The core problem is not just storing files; it is managing verified presentation of regulated records under stress, while maintaining a strict audit trail of who has accessed them and when.

Features

What the tool provides

Secure NFA tax stamp vault

Mobile-friendly progressive web app experience

Dashboard summaries for active, pending, inactive, expired, and suspended records

Searchable and filterable stamp management

Supported NFA item categories: suppressors, SBRs, SBSs, machine guns, destructive devices

Approved PDF upload and assisted data extraction

Protected PDF viewing with access checks

Mobile wallet-style compliance passes

QR-based temporary verification for individual stamps

Public verification certificate for scanned QR links

Admin user management

Standard user self-service profile and password management

Role-based access controls

Deactivated user handling

Soft delete, restore, and permanent cleanup flows

Audit logging for key actions

Installable app-style mobile experience

Screenshots

Reserved for future capture

All screenshots require a redaction pass before public display. Captions describe what each frame will contain once cleared.

Screenshot slot 01 Stamp list view — Reserved for the primary stamp table or card list. Redact names, serials, trust names, and control numbers.

Screenshot slot 02 Stamp detail view — Reserved for one stamp record with identifying fields blurred.

Screenshot slot 03 PDF access flow — Reserved for document access UI or a redacted PDF viewer.

Screenshot slot 04 Audit trail — Reserved for PDF access log or record activity history.

Screenshot slot 05 Edit workflow — Reserved for create/edit record fields once safe to capture.

Lessons

What stuck

Private tools still deserve polished information architecture — the same care in structure and navigation applies, even when there's only one user.

Auditability matters most when documents are sensitive — logging and traceability aren't features, they're the foundation of trust in the system.

Screenshot capture must include a redaction pass — every image needs names, serials, trust names, and control numbers removed before it goes public.

Deployment

Production notes

The system is built as a web application with a mobile app-like experience. It can be deployed for personal, family, organizational, or hosted commercial use depending on requirements.

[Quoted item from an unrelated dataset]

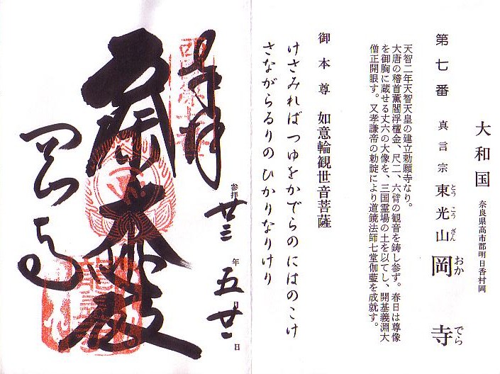 15:00西国観音霊場7番「東光山岡寺(龍蓋寺)」に参拝し御朱印を頂きました。

For production deployments:

Use HTTPS

Strong administrator credentials

Restricted server file access

Regular backups with tested restore procedures

Operational monitoring

The system should be treated as sensitive compliance infrastructure, not a casual hobby database.

Current status

What's next

The public project page documents the workflow and intent, but final screenshots and exact field descriptions should wait for a safe redaction pass.

NFA Stamp Manager is a recordkeeping and document presentation tool. It is not legal advice, does not determine whether an item is lawful, and does not replace the user's responsibility to comply with all applicable federal, state, and local laws. Users should consult qualified counsel for legal questions about possession, transport, transfer, trusts, documentation obligations, or interactions with law enforcement.